In duplicating the lines below, keep every word unchanged and drop the pictures.

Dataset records
---*---

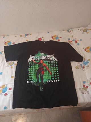 Camiseta de lucha libre con diseño de WrestleMania y Bianca Belair. - Diseño frontal con imagen de Bianca Belair. - Logo de WWE WrestleMania. - Estampado en verde y negro.
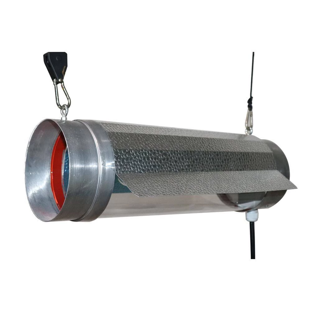 The Hydro Crunch Grow Light System combines our digital ballast which is UL listed and has the ability to dim 1000-Watt, 600-Watt, 400-Watt and also has a super lumen enhanced setting to maximize the grow light systems output. Digital ballasted lighting systems generate roughly 30% more PAR (photo synthetically active radiation) for every watt of electricity consumed compared to the magnetic (core and coil) ballasts of the past. Digital ballasts are more efficient at turning electricity into light and because light intensity often directly correlates to yield you can expect more production for the same electric bill. Each grow light system comes with a plant specific HPS (high pressure sodium) bulb designed specifically for horticultural use. The Cool Tube with Wing cylinder shaped reflector comes pre-wired with detachable ballast cord and an E39 socket which will accommodate HID bulbs (both HPS and MH). The 6 in. Cool Tube with Wing grow light reflector comes with a pebbled, polished reflector for ultimate dispersion and reflectivity and can be air cooled allowing you to reroute unwanted heat out of the growing area using 6 in. ducting and inline fan (not included). The grow light system comes with a grounded multi-pin timer to control your photo cycles along with a ratchet light hanger for easy hanging and up and down adjustments over the plant canopy.
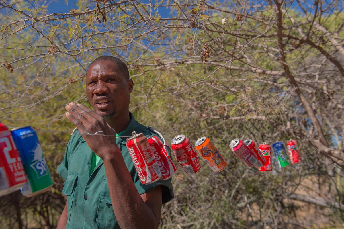 Hierboven: Humphrey Mwanga, een ranger in Wuparo Conservancy, Namibië, legt uit hoe blikjes olifanten op afstand houden © Gareth Bentley / WWF
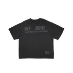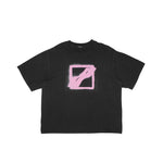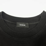 We11done t-shirt in black cotton with a pink logo graphic on the chest and black text on the back.
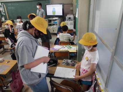 1組 算数で,写真を見てどのように道が交わっているか考えています。
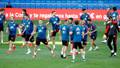 En una sesión completa con balón desde los ejercicios iniciales, el cuerpo técnico incidió en el ensayo de lanzamientos a puerta en varios ejercicios y una competición que enfrentó a los jugadores. Debían golpear con las dos piernas en un ejercicio en el que se lució David de Gea con grandes intervenciones a los lanzamientos desde la frontal.
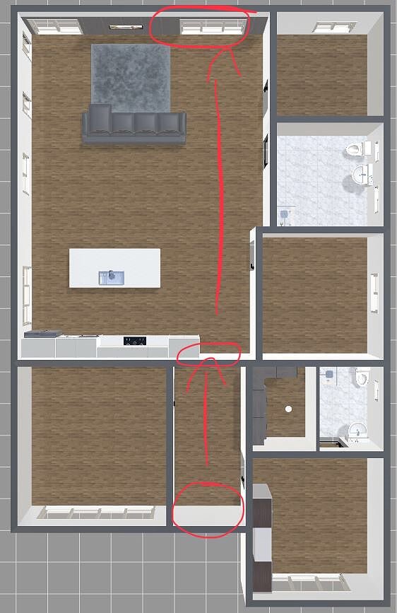 My house has three doors in a straight line. The first door is the main door and is the biggest door. The 2nd door is the middle door and opening to the open concept kitchen, dinning and living room. The 3rd door is the sliding door and opening to our big backyard. I attached our floor plan below.
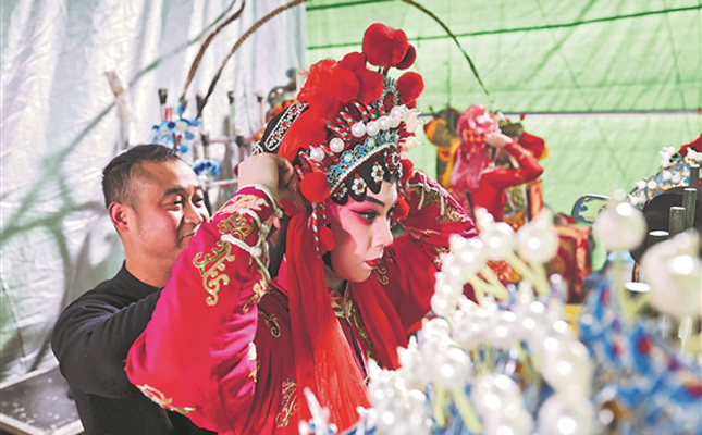 1月29日,在浙江省丽水市缙云县七里乡梅下村,建德市婺剧团的演员们在送戏下乡演出前穿戏服。

---*---

**TASK RESPONSE**
 Camiseta de lucha libre con diseño de WrestleMania y Bianca Belair. - Diseño frontal con imagen de Bianca Belair. - Logo de WWE WrestleMania. - Estampado en verde y negro.
 The Hydro Crunch Grow Light System combines our digital ballast which is UL listed and has the ability to dim 1000-Watt, 600-Watt, 400-Watt and also has a super lumen enhanced setting to maximize the grow light systems output. Digital ballasted lighting systems generate roughly 30% more PAR (photo synthetically active radiation) for every watt of electricity consumed compared to the magnetic (core and coil) ballasts of the past. Digital ballasts are more efficient at turning electricity into light and because light intensity often directly correlates to yield you can expect more production for the same electric bill. Each grow light system comes with a plant specific HPS (high pressure sodium) bulb designed specifically for horticultural use. The Cool Tube with Wing cylinder shaped reflector comes pre-wired with detachable ballast cord and an E39 socket which will accommodate HID bulbs (both HPS and MH). The 6 in. Cool Tube with Wing grow light reflector comes with a pebbled, polished reflector for ultimate dispersion and reflectivity and can be air cooled allowing you to reroute unwanted heat out of the growing area using 6 in. ducting and inline fan (not included). The grow light system comes with a grounded multi-pin timer to control your photo cycles along with a ratchet light hanger for easy hanging and up and down adjustments over the plant canopy.
 Hierboven: Humphrey Mwanga, een ranger in Wuparo Conservancy, Namibië, legt uit hoe blikjes olifanten op afstand houden © Gareth Bentley / WWF
 We11done t-shirt in black cotton with a pink logo graphic on the chest and black text on the back.
 1組 算数で,写真を見てどのように道が交わっているか考えています。
 En una sesión completa con balón desde los ejercicios iniciales, el cuerpo técnico incidió en el ensayo de lanzamientos a puerta en varios ejercicios y una competición que enfrentó a los jugadores. Debían golpear con las dos piernas en un ejercicio en el que se lució David de Gea con grandes intervenciones a los lanzamientos desde la frontal.
 My house has three doors in a straight line. The first door is the main door and is the biggest door. The 2nd door is the middle door and opening to the open concept kitchen, dinning and living room. The 3rd door is the sliding door and opening to our big backyard. I attached our floor plan below.
 1月29日,在浙江省丽水市缙云县七里乡梅下村,建德市婺剧团的演员们在送戏下乡演出前穿戏服。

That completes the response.